Cutlass-bearing wear is typically related to prop-shaft speed; the faster the shaft, the faster the wear. On boats with slow-turning propellers, cutlass-bearing life can range to four years and/or 1,000 hours. Regardless of the kind of boat you have, however, your cutlass bearing will eventually wear out, so regular inspection should be part of your maintenance regimen. If you’re constantly tightening the prop-shaft nut to reduce water flow, your bearing is probably at the end of its life. If you let a worn bearing go too long and the shaft has already been scored, you’re looking at perhaps replacing the shaft as well, a considerable added expense.
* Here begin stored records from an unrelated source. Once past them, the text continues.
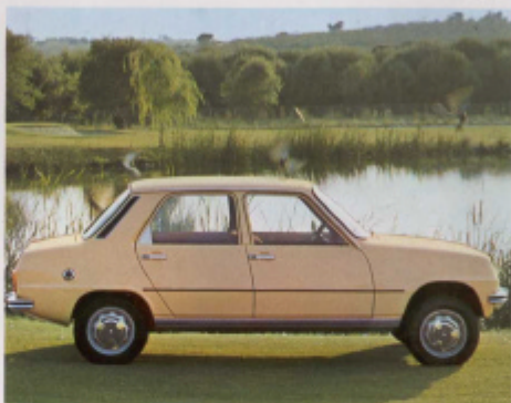
Lunas coloreadas en verde que descanzan la vista, haciendo más agradables los viajes. (Versión TL.)
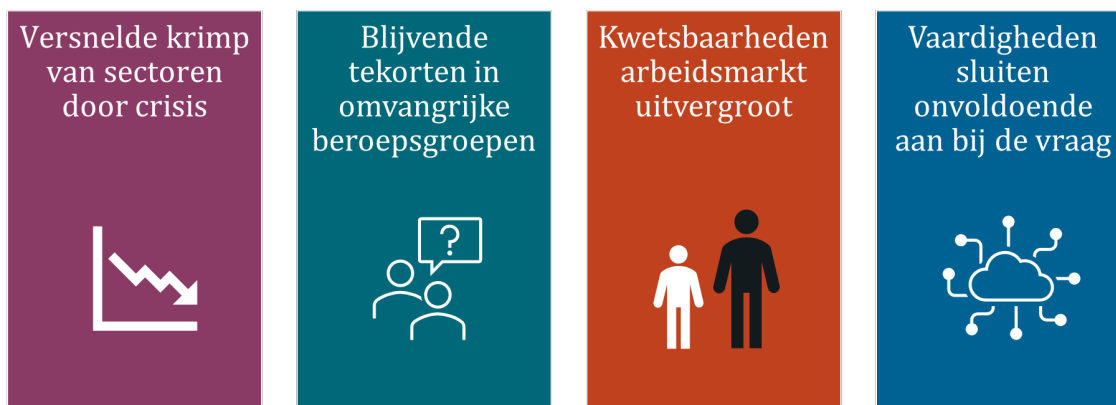
Figuur 1 Visuele weergave structurele ontwikkelingen Regio Utrecht (Beeld: Birch 2021)

De vier beschreven structurele ontwikkelingen op de regionale arbeidsmarkt vragen om aandacht voor het arbeidsfit houden van de beroepsbevolking en om de arbeidsmarkt in balans te krijgen en te houden. Delen van de regionale analyse komen overeen met de bevindingen en adviezen van de commissie Borstlap. 7 Deze commissie bracht zijn adviezen uit in januari 2020. Hun uitgangspunt luidt dat: "alle potentiële werkenden duurzaam actief blijven op arbeidsmarkt".
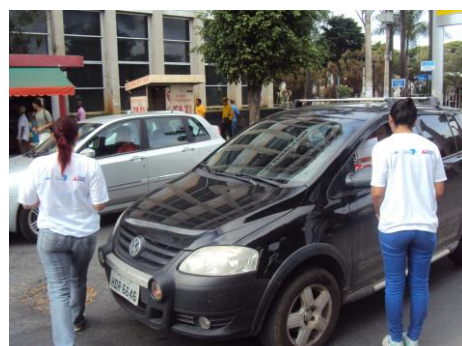
Blitz CAT JK 27/01/16
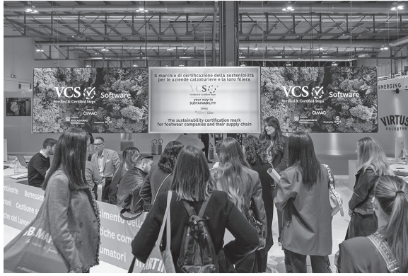
サステナビリティ認証「VCS」の展示
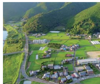
安宅本城跡と八幡山城跡

日置川流域は、中世時代の熊野水軍領主として活躍した安宅氏が支配する地で、河口から上流約5km以内に7カ所の城を構築しています。又、海上交通を支配し、造船や材木・備前焼などの流通に関わり、大きな富を蓄積していたようです。
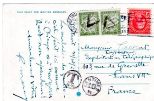
Carte postale postée le 31 octobre 1925 à Détroit (Michigan, USA) à destination de Paris (Seine). Affranchie à 2 cents avec un timbre-poste au type Washington (YT 229). Taxée au départ, T et 10 centimes-or. Taxée à 40c à l'arrivée en France avec deux chiffres-taxe à 20c au type Duval (YT 31). En octobre 1925 le rapport franc-or/franc français était de 4.

Après le changement de tarif du 1 er mai 1926, seul il ne représentait plus aucune taxation courante. Il fut donc retiré du service ce jour-là.

My starter turns but will not start my gasoline-powered inboard. Before I call in a mechanic, is there anything I can do? R.V., via e-mail
Begin by checking the status of your starter battery. A partially discharged battery could have enough power to turn the starter but not enough voltage to fire the spark plugs. If this is the case, use a fully charged battery to get things going and charge the battery in question. If it doesn’t hold a charge, you need a new one.

Defective or corroded wiring may also be at fault. Make sure all battery-cable ends are free of corrosion, all connections are secure, and all insulation is intact. In addition, make sure the wir-ing is of the proper gauge to handle the load.

If after all this it’s still a no-go, you most likely have a bad starter motor that is drawing too many amps. Either remove the motor yourself and take it in to be bench-checked or let your mechanic handle the job.